Four Spokane Valley City Council seats are up for grabs, but only the Position 4 race drew more than two candidates. So it’s the only contest that voters need concern themselves with in the Aug. 6 primary.
The contest comes down to the differing visions for the city. One view embraces its current status as a low-key bedroom community that reluctantly remains a city. The other would raise its profile as the state’s 10th largest city in its 10th year of existence.
Deputy Mayor Gary Schimmels, 75, is the incumbent and has been on the council from the beginning. Ed Pace, 66, ran for the council four years ago and has the backing of the Positive Change group that controls the current council. Both are content with the laid-back nature of the city and want to keep taxes as low as possible.
This is also the second run for DeeDee Loberg, 50, and she is back with a more polished presentation and the same high energy. The longtime community activist serves as the Washington state PTA programs director. She would like to challenge the current council to think bigger and plan for the long term. She notes that the city has gained about 12,000 residents since incorporation and can’t continue to amble along an ad-hoc decision-making path.
Taxes and budget reserves are key issues. The council has not taken an allowed 1 percent property tax increase for several years, but it is dipping into its reserves to pay for items such as the beautification of the Sprague-Appleway entrances to the city. This frustrates Loberg, who wants a long-range plan in place before the city spends money on such projects. We agree that without that a plan, it becomes difficult to evaluate whether to take a property tax increase or spend reserves.
All the candidates agree that the Sullivan Bridge project is vital, but the city needs $4 million to leverage other funding. Loberg says tapping reserves for the bridge is justified because more state funding is unlikely. But she wants the city to develop plans for all of its infrastructure needs, including improvements to its parks.

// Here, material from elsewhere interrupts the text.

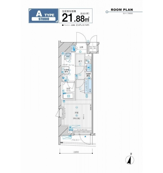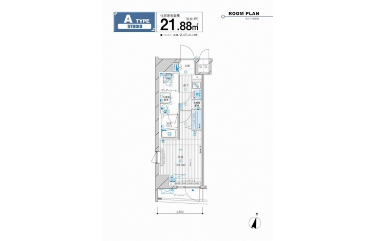 | 専有面積 | 21.88m² | バルコニー面積 | |

Schimmels, who is retired from the construction industry and formerly owned Affordable Lock Express, has voted against tapping reserves, which appears to explain his falling-out with the Positive Change group, which has funneled contributions to Pace instead. However, he said he would spend reserves if that were the only way to complete the Sullivan Bridge project.
Pace, who is the pastor of Caring Ministries at Redeemer Lutheran Church, said he needs to learn more about the bridge and transportation funding in general, but he would be reluctant to ever raise taxes, which increases pressure on the reserves. He says the city can get out of this jam by attracting more businesses, but he isn’t interested in promotional or branding initiatives that would raise the city’s profile.
The small-government view is already well-represented on the council. Pace would join that lockstep coalition. Schimmels shows more independence and has greater experience. Loberg would bring energy and a passion for city planning that the current council needs.
We recommend voters move Schimmels and Loberg into the next round.